YOUR OBJECTIVE: Every line in the records below between the one holding "Amazon Aço recrutando" and the one holding "This bag has", inclusive, is to be set down exactly; all other lines are to be left out.

THE DATA:
..........
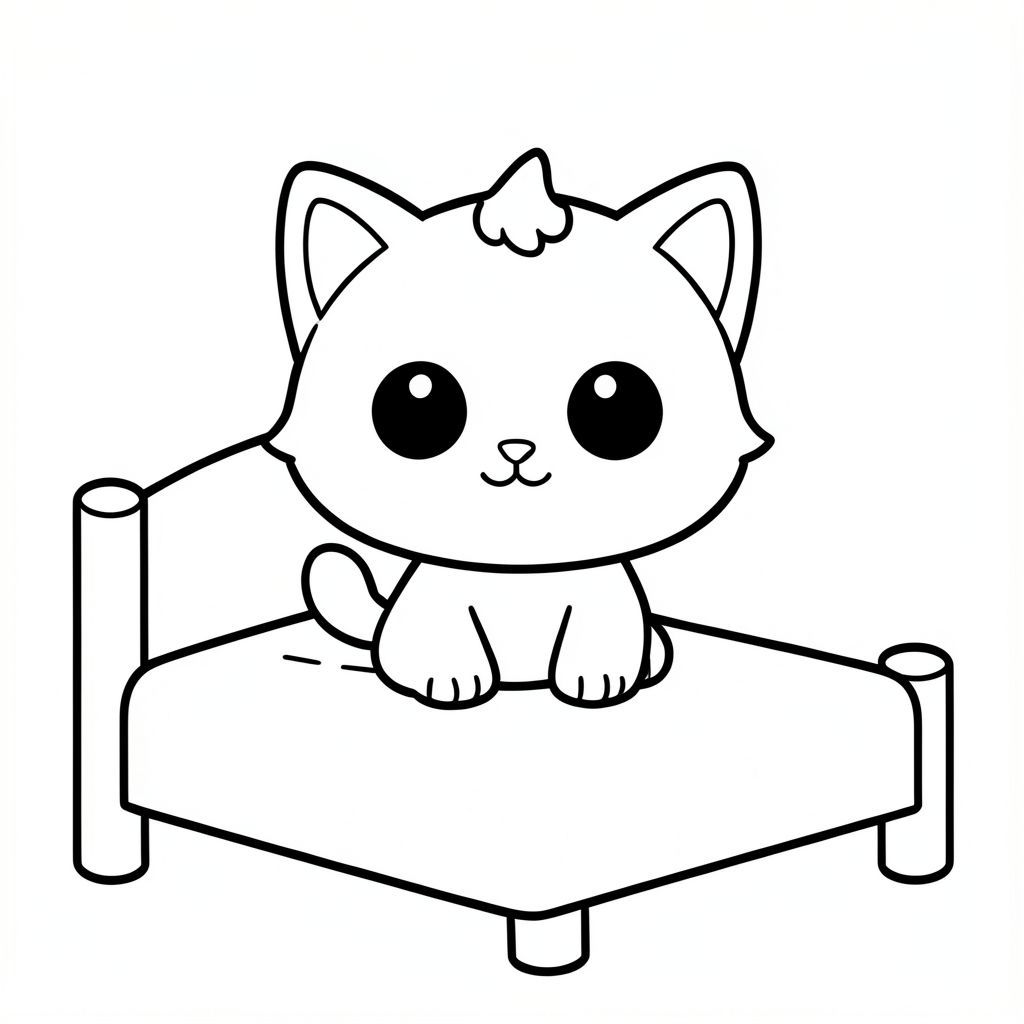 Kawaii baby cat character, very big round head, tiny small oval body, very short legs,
..........
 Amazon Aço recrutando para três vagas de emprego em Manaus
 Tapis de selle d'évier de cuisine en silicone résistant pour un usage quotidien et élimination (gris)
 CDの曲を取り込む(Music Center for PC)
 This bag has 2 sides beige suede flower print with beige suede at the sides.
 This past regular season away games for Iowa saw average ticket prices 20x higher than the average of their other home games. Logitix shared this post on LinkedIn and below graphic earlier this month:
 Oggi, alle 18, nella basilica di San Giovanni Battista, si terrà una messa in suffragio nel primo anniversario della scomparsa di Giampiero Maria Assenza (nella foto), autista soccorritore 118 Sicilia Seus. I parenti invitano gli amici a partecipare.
..........
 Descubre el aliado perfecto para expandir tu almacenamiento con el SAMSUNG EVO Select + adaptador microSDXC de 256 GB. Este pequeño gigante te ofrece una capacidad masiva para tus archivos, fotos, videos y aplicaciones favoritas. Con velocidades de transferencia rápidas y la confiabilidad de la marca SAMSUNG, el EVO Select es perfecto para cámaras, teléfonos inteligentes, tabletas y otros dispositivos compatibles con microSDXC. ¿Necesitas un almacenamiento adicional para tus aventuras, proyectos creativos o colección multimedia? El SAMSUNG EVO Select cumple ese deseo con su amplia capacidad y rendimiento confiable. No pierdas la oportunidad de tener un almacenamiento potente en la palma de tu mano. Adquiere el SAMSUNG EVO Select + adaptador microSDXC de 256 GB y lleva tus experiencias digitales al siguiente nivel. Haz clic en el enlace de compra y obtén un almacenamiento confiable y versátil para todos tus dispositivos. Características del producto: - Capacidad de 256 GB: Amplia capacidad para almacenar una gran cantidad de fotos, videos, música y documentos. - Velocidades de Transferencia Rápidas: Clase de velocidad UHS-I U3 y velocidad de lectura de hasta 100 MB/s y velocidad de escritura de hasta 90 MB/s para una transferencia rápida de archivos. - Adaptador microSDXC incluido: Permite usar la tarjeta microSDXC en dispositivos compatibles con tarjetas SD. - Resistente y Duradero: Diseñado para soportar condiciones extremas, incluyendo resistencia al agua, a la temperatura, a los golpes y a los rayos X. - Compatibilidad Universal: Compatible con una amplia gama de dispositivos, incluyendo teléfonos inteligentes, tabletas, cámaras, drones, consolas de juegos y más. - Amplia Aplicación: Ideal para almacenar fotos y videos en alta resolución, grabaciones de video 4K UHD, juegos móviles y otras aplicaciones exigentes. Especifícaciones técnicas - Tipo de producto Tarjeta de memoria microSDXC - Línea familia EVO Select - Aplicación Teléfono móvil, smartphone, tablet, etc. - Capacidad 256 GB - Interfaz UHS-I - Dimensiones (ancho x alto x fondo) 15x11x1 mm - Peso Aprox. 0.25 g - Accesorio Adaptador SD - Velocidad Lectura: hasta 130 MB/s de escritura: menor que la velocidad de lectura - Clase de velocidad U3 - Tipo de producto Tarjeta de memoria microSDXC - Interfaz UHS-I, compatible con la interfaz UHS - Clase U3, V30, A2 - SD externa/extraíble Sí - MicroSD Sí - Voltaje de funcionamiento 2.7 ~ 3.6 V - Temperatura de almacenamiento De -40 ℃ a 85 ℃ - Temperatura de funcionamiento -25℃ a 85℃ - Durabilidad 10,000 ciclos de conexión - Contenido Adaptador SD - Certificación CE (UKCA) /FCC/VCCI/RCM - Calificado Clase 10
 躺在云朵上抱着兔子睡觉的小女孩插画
..........
ANSWER BOX:
 Amazon Aço recrutando para três vagas de emprego em Manaus
 Tapis de selle d'évier de cuisine en silicone résistant pour un usage quotidien et élimination (gris)
 CDの曲を取り込む(Music Center for PC)
 This bag has 2 sides beige suede flower print with beige suede at the sides.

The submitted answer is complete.